The authors point out that the operation of large-scale voucher systems in Chile and New Zealand led to segregation of students by socioeconomic status (SES). Kahlenberg and Wasow are right that this is a troubling outcome, because peer groups have a substantial impact on educational achievement. However, they do not point out that in the Chile and New Zealand systems all children received vouchers of equal value. Several analysts, including Christopher Jencks and Caroline Hoxby, have advocated voucher systems in which children from poor families and/or children who are especially expensive to educate would receive higher valued vouchers than other children. The logic is to make it attractive to schools to recruit such students rather than to shun them. It is not clear how politically viable a system with differentially valued vouchers would be or how large the differentials would need to be to avoid the segregation by SES that the Chile and New Zealand systems produced. The key point is that the impact of a voucher system on educational opportunities for children from low-income families would depend critically on details of the system’s design.
The same point holds for public-school controlled-choice systems. Critical design considerations include whether money follows students from school to school, whether charter schools may participate (and, if so, what types of organizations are eligible to start charter schools), what happens to educators in schools that do not appeal to many families, the circumstances under which families have the right to move children from one school to another, and the obligations of schools to accept students at different points in time, such as the middle of the school year. Without knowing a great deal about such design details, it is not possible to judge how any choice system, whether labeled a voucher system or a public-school controlled-choice system, would impact the education of children from low-income families.
There is no one best design for a choice system. Instead, there are difficult trade-offs, and this is just as true of public-school controlled-choice systems as it is of voucher systems.

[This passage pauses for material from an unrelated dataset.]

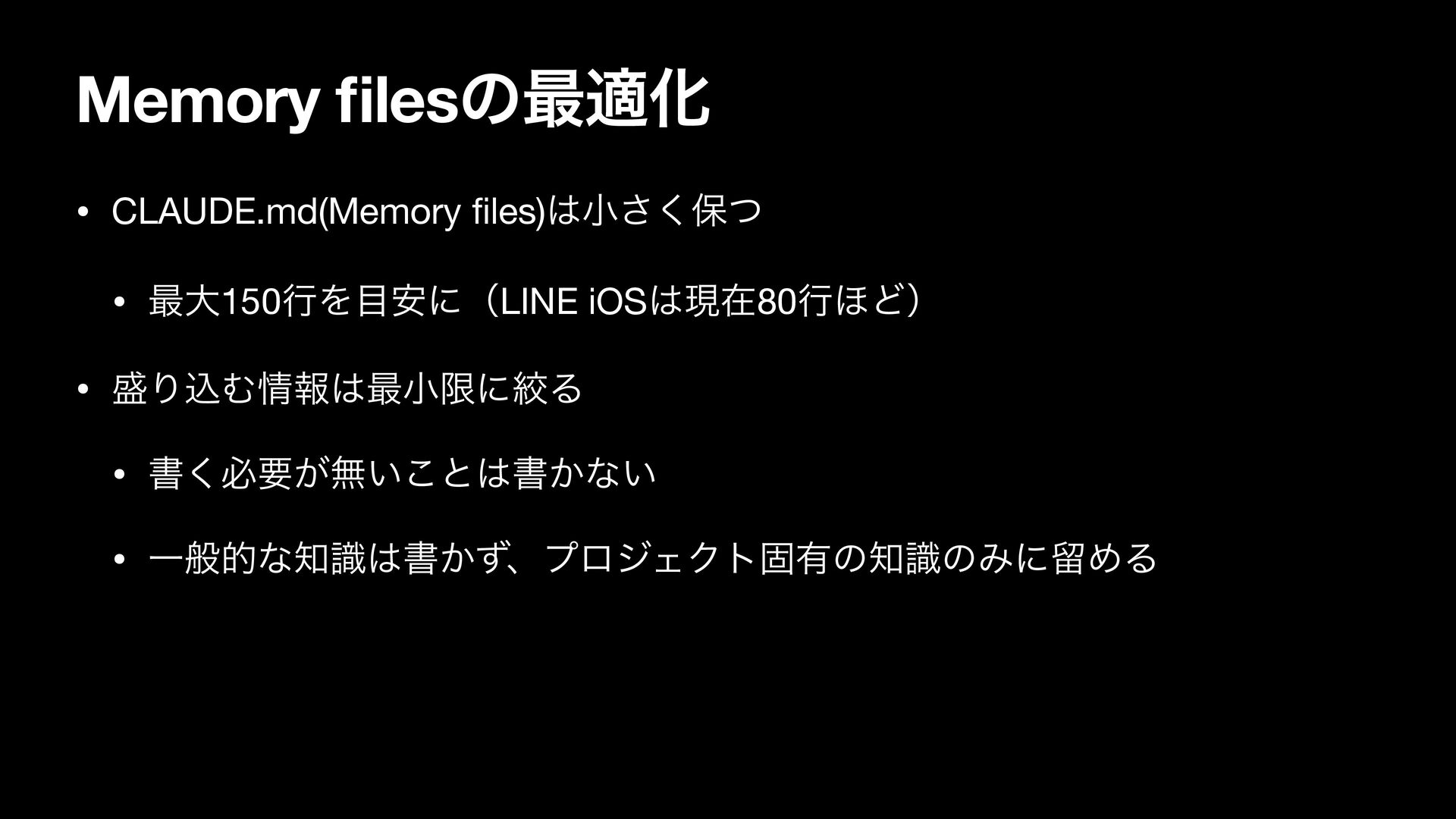 4. Memory fi lesͷ࠷దԽ • CLAUDE.md(Memory fi les)͸খ͘͞อͭ • ࠷େ150ߦΛ໨҆ʹʢLINE iOS͸ݱࡏ80ߦ΄Ͳʣ

Consider trade-offs between rapid supply responses and quality control. It is important in choice systems to rapidly expand the supply of seats in the types of educational programs parents and children find attractive. Making it easy for groups to start new schools—for example, charter schools—contributes to this objective. However, the easier it is to start a new school, the more likely it is that the quality of some new programs will be low and some children will suffer. On the other hand, requiring an elaborate review process may help with quality control but it is likely to discourage supply expansion.

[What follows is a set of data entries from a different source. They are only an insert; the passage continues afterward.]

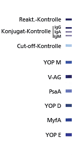 Streifen-Immunoassay mit rekombinant produzierten Antigenen zum Nachweis von IgG-, IgM- oder IgA-Antikörpern gegen Y. enterocolitica und Y. pseudotuberculosis. Durch den Nachweis speziesspezifischer IgG-Antikörper ist eine Differenzierung zwischen Y. enterocolitica und Y. pseudotuberculosis möglich.
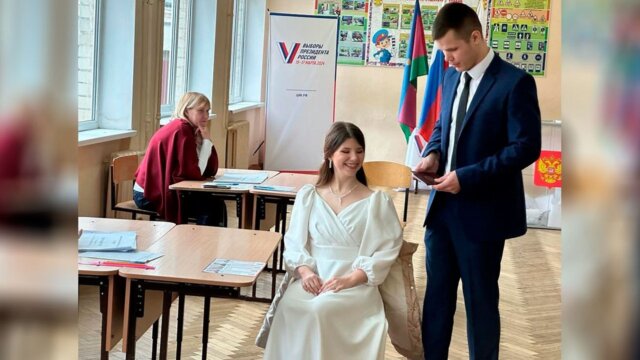 Избирательный участок в школе № 82 посетила большая семья – отдать свой голос за понравившегося кандидата пришли сразу 15 человек. А на участок № 2011 прямо из ЗАГСа прибыли молодожёны. В Телеграм-канале Западного округа появилась такая запись.
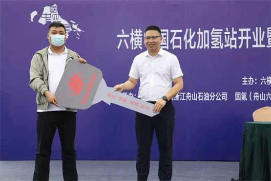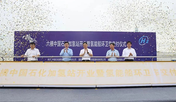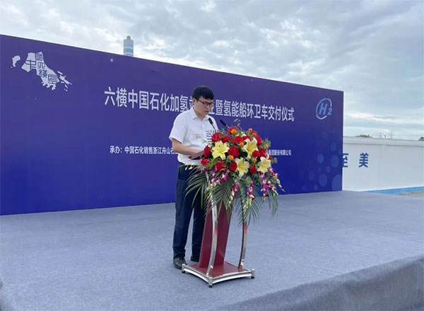 6月1日上午,六橫中國石化加氫站開(kāi)業(yè)暨氫能船、環(huán)衛車(chē)交付儀式在六橫氫能產(chǎn)業(yè)園舉行,管委會(huì )副主任呂輝及中國石化舟山石油分公司、福龍馬集團股份有限公司、深圳國氫新能源科技有限公司、國氫(舟山六橫)新能源科技有限公司、浙江中創(chuàng )量云船舶科技有限公司等企業(yè)負責人共同為加氫站揭牌。

Trade-offs also exist between facilitating the success of individual schools and protecting educational options for children from especially troubled families. The more difficult it is for schools to expel a student whose behavior impacts negatively on the achievement of peers, the more difficult it is for schools to succeed. On the other hand, the easier it is for schools to expel students, the greater is the problem of what to do with troubled students. Another example concerns the obligations of schools to accept students in the middle of the school year—a major issue in many urban districts serving substantial numbers of transient families. The more control individual schools have over midyear admissions, the easier it is for them to succeed in delivering coherent instructional programs. But if schools can restrict midyear admissions, what happens to students from mobile families?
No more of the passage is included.